The new features are great but more work still needs to be done. I really wish they could have setup a warning screen so when you press the stop button during a recording, it will warn you "Do you really want to stop the recording?". 

At any rate, this upgrade is definitely a plus especially with the slo-mo. Great job Dish!


----------



## Guest

This is for anybody who has already received the new software upgrade. 
Did any of you receive a Henweigh with this release.

Just curious?


----------



## llunken777

The link 
http://www.innermatrix.net/forums/s...&threadid=32686
from the post above was very useful to tell me if my reciever was in the download steam for the new update yet. Of course mine was not listed yet.


----------



## P Smith

We need to ask that ppl for regular update the list. Dish could change the criteria each week or day.


----------



## Pete K.

Sci-fi:
A henweighs about 2 pounds! LOL!


----------



## Guest

YUP! LOL!


----------



## marko

This is why I come here and read stuff, to get good updates like this. I've found myself wanted slow mo for a long time, and now I have it. Good Stuff.


----------



## cse42

Just got the update. What a deal; on the same day as the second 508 showed up. Surprise... surprise. It feels like christmas...

cse


----------



## JohnL

Dish must have targeted a bunch more Receivers today around Noon-1pm MST, I checked my receivers earlier in the day and the software had not targeted my receivers yet. I turned them off about 20 minutes ago and low and behold both receivers downloaded the update and at virtually the same time. 
Both of my 501's now have the 168 firmware. The bootstraps on my receivers are DCKD, and DCED.

John


----------



## Steve Mehs

Yep my 508 has 168 now 

I'm going to play with it now


----------



## Mark Lamutt

Hopefully my 501 will have it when I get home, and my new 508 will get it soon after it arrives.


----------



## llunken777

Still no update for me yet.


----------



## llunken777

My 501 with bootstrap of DBDC is getting the update now. But my 508 with the bootstrap of DBDD did not. My 508's reciever id I believe it's called is in the 37000 range while my 501 that got the update is in the 36000 range. Is that why the 508 didn't get the upgrade yet?


----------



## llunken777

I spoke too soon. My 508 just got it's update about 10 minutes after my 501 did. Very happy with the slow motion and the improved timers and # button search off the guide listings. Plus the improvement with the manage PVR events menu. Were there any other new features added that I missed? If this wasn't enough?


----------



## bunkers

What is a Henweigh ?


----------



## Jacob S

Any bugs yet?


----------



## JohnL

> _Originally posted by llunken777 _
> *I spoke too soon. My 508 just got it's update about 10 minutes after my 501 did. Very happy with the slow motion and the improved timers and # button search off the guide listings. Plus the improvement with the manage PVR events menu. Were there any other new features added that I missed? If this wasn't enough? *


If you press the Record button on the remote when viewing a program a dialog button comes up asking if you would like to manually stop the recording, Record to the end of the scheduled show, extend time after the scheduled end, or set up a timer.
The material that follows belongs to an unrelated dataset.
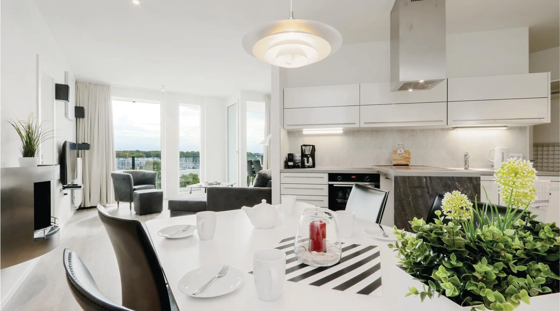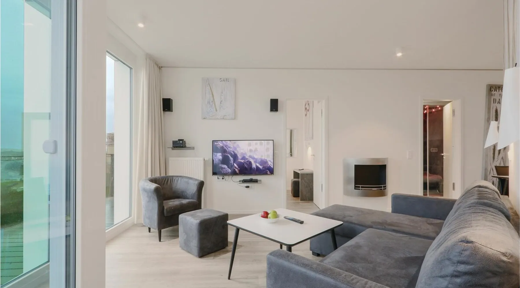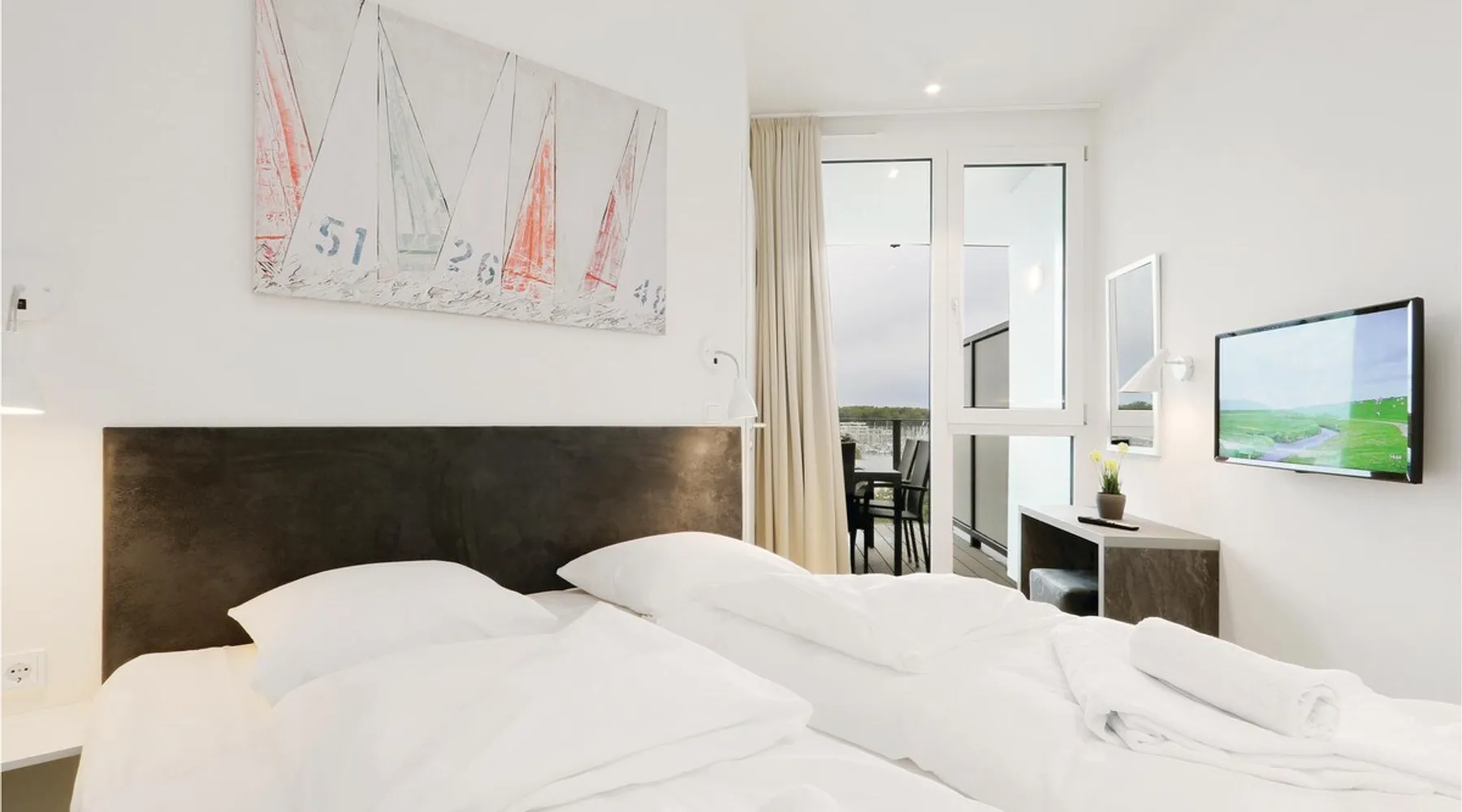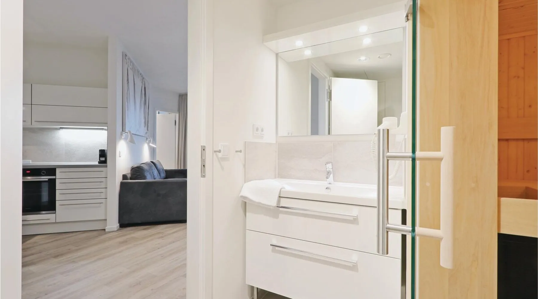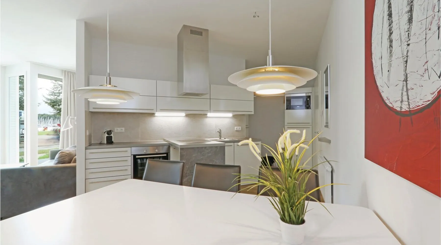 The exclusive vacation apartments in the apartment complex High End combine high-quality equipment, design and a beautiful location directly on the beach of Lübeck-Travemünde. Here you will immediately feel at home. The space The exclusive vacation apartments in the apartment complex High End combine high-quality equipment, design and a beautiful location directly on the beach of Lübeck-Travemünde. Here you will immediately feel at home. Your vacation apartment is located on the 5th floor of the complex, which is why you enjoy a unique view. From here you can look at the Priwall, the sandy beach as well as the harbor exit with the passing ships. The apartment has two separate bedrooms, each with a cozy double bed. In the living area you can make yourself comfortable in front of the cozy light of the bio-ethanol fireplace. The sofa bed is also located in the living area, which offers two more sleeping places. A crib can be placed exclusively in the living room, as there is not enough space in the bedroom. On the balcony, which faces south, you can enjoy the fresh Baltic Sea air and the sound of the waves or have meals together with the family. Here you can enjoy the beautiful view of the Travemündung and the passing ships as well as the Priwall to the fine sandy beach. For a small deposit you can borrow binoculars at the reception, with which you can observe the hustle and bustle of the surrounding area and nature. The bathroom presents itself as your personal wellness area. Here you can warm up in the sauna after a long walk on the Baltic Sea. In addition, the bathroom has a steam bath with rain shower. The modern entertainment system with Blu-Ray player, music system with MP3 connection as well as 3 flat screen TVs provides enough entertainment. All rooms are furnished in Scandinavian style and are bright and flooded with light due to the floor-to-ceiling windows. The modern kitchenette offers enough space for cooking and is equipped with high-quality brand appliances. Here, frahling lovers will find a Nespresso machine (please bring your own capsules), as well as a thermos and hand filter for home brewing, in case you prefer the classic filter coffee after all. The view of this object is in the direction of Priwall beach. The neighboring a-ja resort has a nice spa area with sauna and swimming pool. This can be shared for a fee. All registered NOVASOL guests from the High End receive a 25% discount on the respective entrance fee during your stay. Please note that the offer can only be used during the official rental period, i. e. from 4 pm on the day of arrival to a maximum of 10 am on the day of departure. The location in Lübeck-Travemünde makes the High End an ideal starting point for your vacation. The traditional town offers a beautiful sandy beach, restaurants, cafes, playgrounds and shopping facilities directly on the promenade. For the Travemünde Week, the promenade in front of the High End is transformed once a year (around the end of July) into a large family festival with sailing, gastronomy and a stage program. As a guest at the High End, you are right in the middle of the action and can enjoy the traditional festival right on your doorstep. Ship excursions and sailing tours can be booked directly on site. Other Baltic Sea resorts and the Hanseatic cities of Lübeck and Hamburg are also within easy reach for an excursion. Rental without possibly pictured decorative items such as flowers/candles/fruit. Can comfortably fit up to 4 people Other things to note Please note that: Bed linen and towels are not included in the room rate in 2025; guests can rent them at the property for an additional charge of EUR 25.00 per person, or bring their own. Consumption costs are included in the room rate.

This is a great feature as my wife and kids would somtimes just set the 501 recording, without using the banner method, filling up the hard drive with hours of fluff.

John


----------



## BobaBird

The first indication I had the upgrade was going to PVR while a program was recording (1st event in the list) and having the 2nd event highlighted. Now the PVR button opens the list with the most recently viewed event highlighted.

Event timers are now sorted chronologically starting with the next timer to engage (woo hoo!) or can be listed alphabetically. Still can't use the scroll buttons.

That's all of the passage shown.